• [WHAT THIS TASK INVOLVES]: Find "외치며 행진하고 있다.", then copy its line and every later line of the entries exactly through the end, leaving all pictures out.

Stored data
───

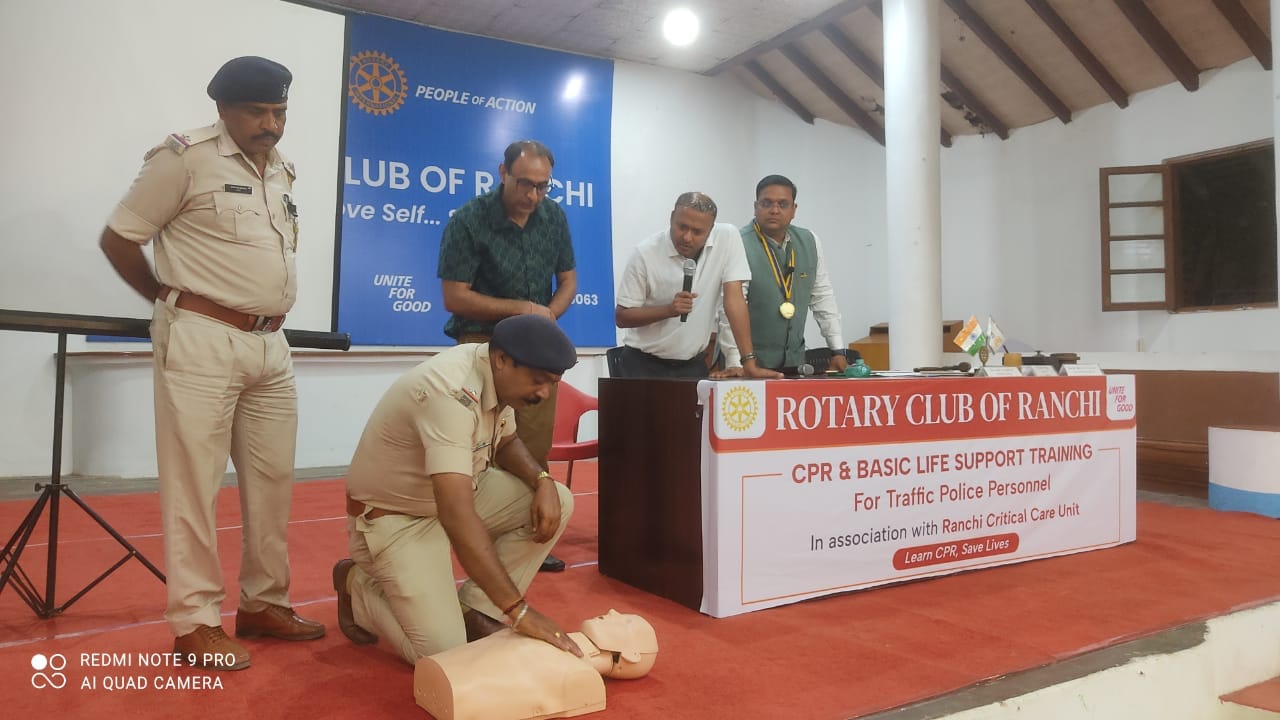 रांची। सड़क सुरक्षा और आपातकालीन स्थितियों में जीवन बचाने को लेकर रोटरी क्लब ऑफ रांची ने विशेष प्रशिक्षण सत्र आयोजित किया। इसमें 50 से अधिक ट्रैफिक पुलिस कर्मियों को कार्डियो पल्मोनरी रिससिटेशन (सीपीआर) एवं बेसिक लाइफ सेविंग तकनीकों के बारे में जानकारी दी गई।
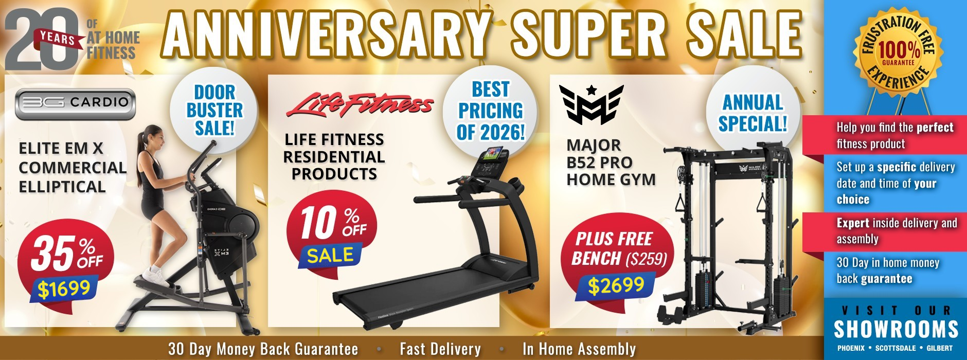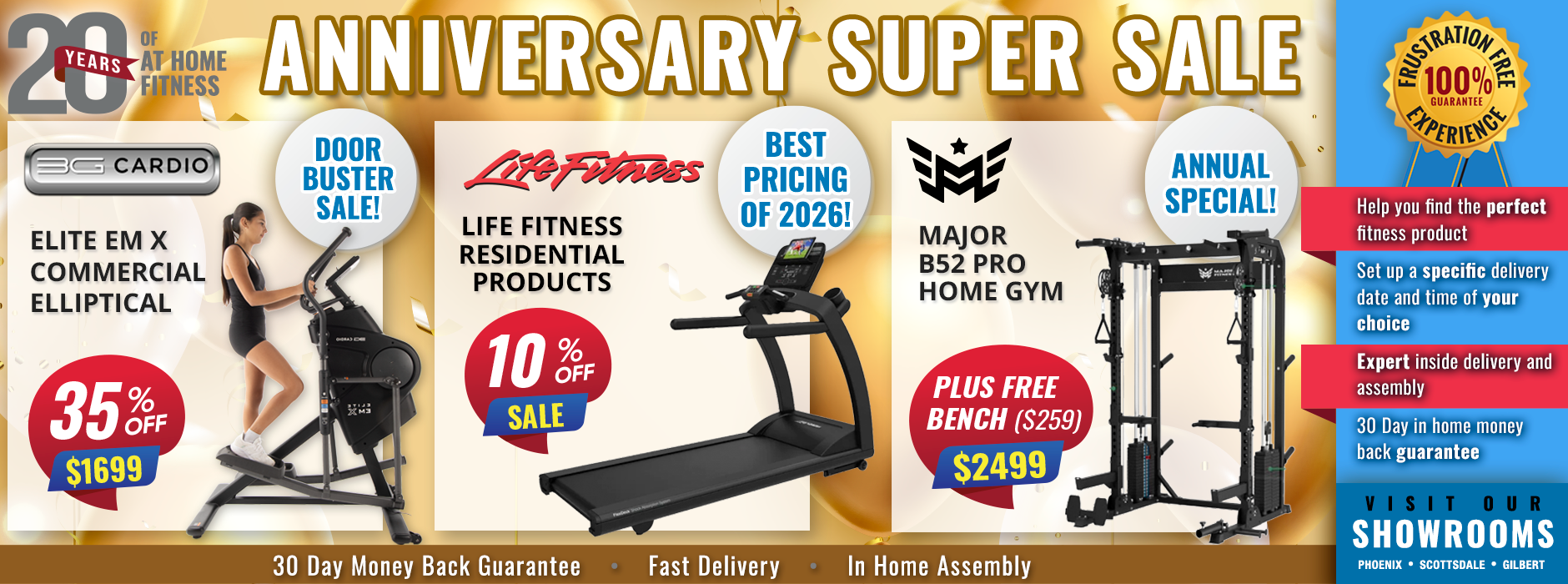 Thanks to our commitment to providing the best equipment at the lowest prices possible, AtHomeFitness.com has earned a reputation for being the top fitness retailer in Arizona. In fact, residents from Scottsdale, Chandler, Gilbert and Phoenix have long trusted our brick and mortar stores for all of their fitness equipment needs.
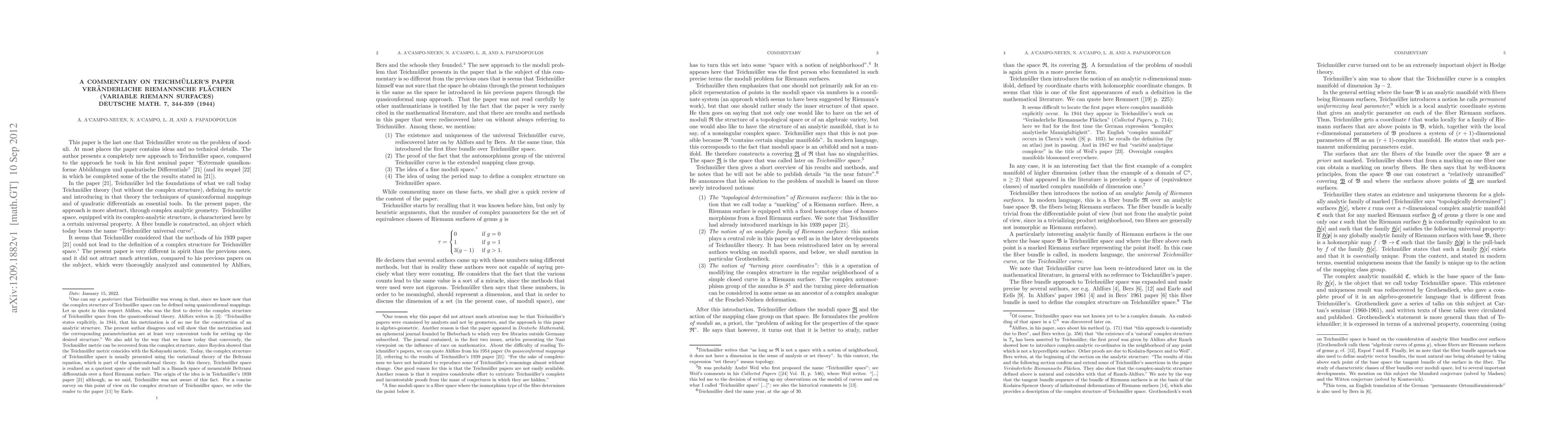This commentary on Teichmüller's 1944 paper "Variable Riemann Surfaces" highlights his new approach to Teichmüller space, characterized by a universal property using complex analytic geometry. It introduces significant ideas such as the universal Teichmüller curve, the extended mapping class group, and the use of the period map to define a complex structure.
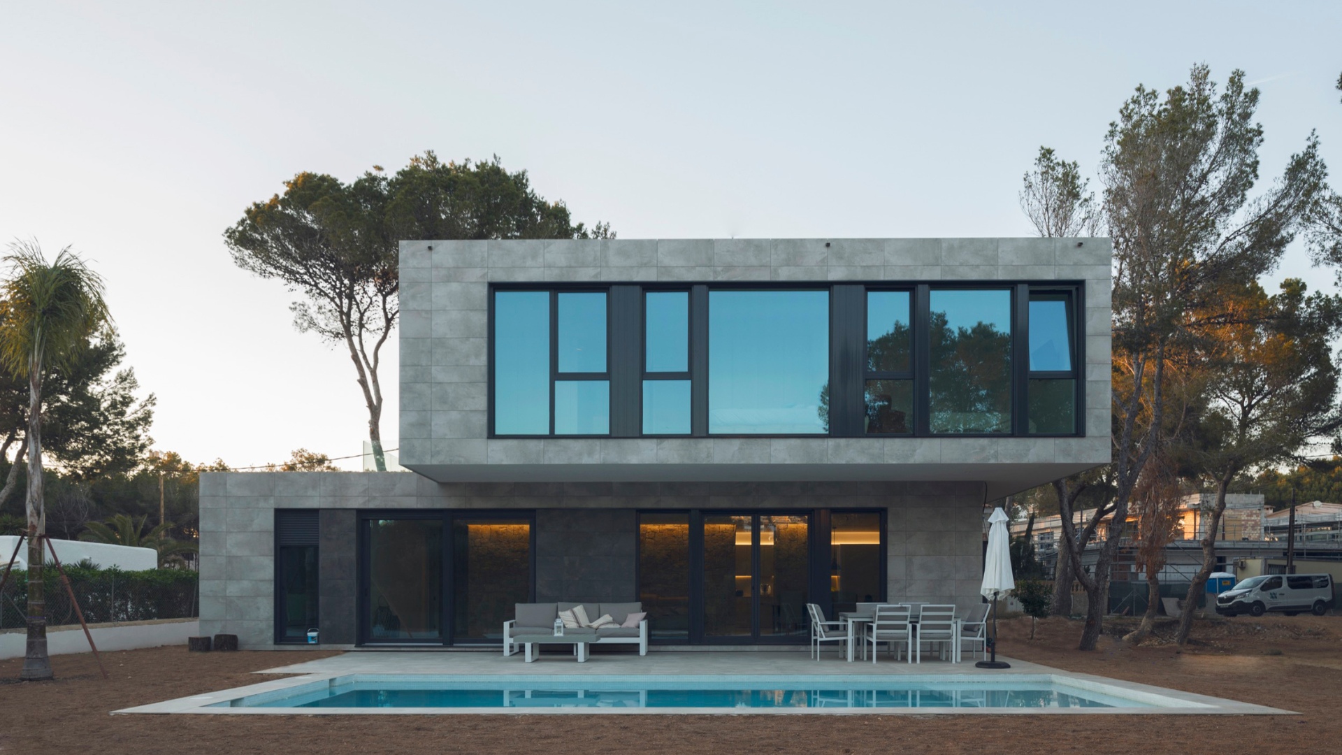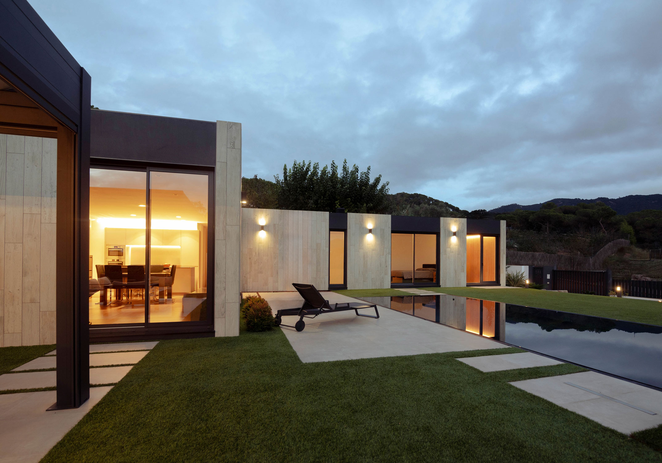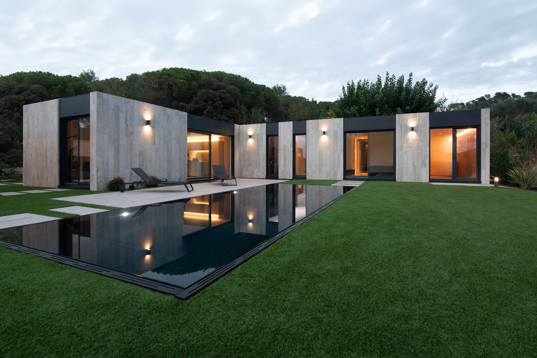 The environment nearby the city of Barcelona joins the delight of the sea breeze with the Mediterranean forest. This is a personalization of the Carcassonne Model by inHAUS where a modular concrete house contains everything you need for a family.
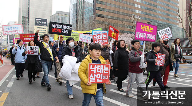 ‘2019 생명대행진 코리아’ 참가자들이 4월 6일 서울 종로 일대에서 “낙태는 살인이다, 태아도 생명이다”라고 외치며 행진하고 있다.
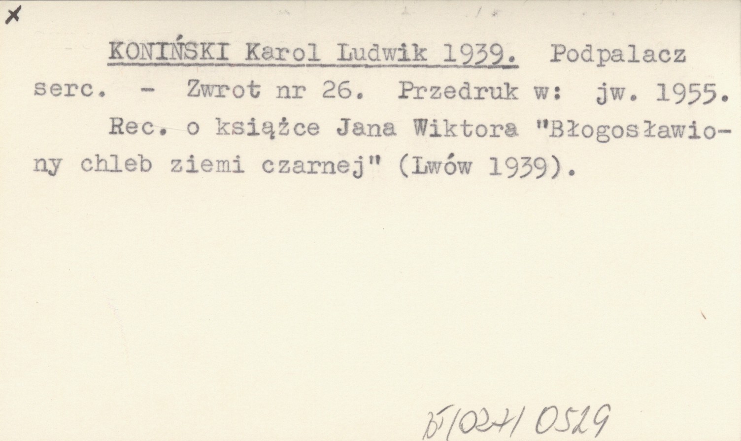 Zwrot, Nr 26. Rec. o książce Jana Wiktora "Błogosławiony chleb ziemi czarnej" (Lwów 1939). Przedruk w: jw. 1955

───

• [WRITTEN SOLUTION]:
 ‘2019 생명대행진 코리아’ 참가자들이 4월 6일 서울 종로 일대에서 “낙태는 살인이다, 태아도 생명이다”라고 외치며 행진하고 있다.
 Zwrot, Nr 26. Rec. o książce Jana Wiktora "Błogosławiony chleb ziemi czarnej" (Lwów 1939). Przedruk w: jw. 1955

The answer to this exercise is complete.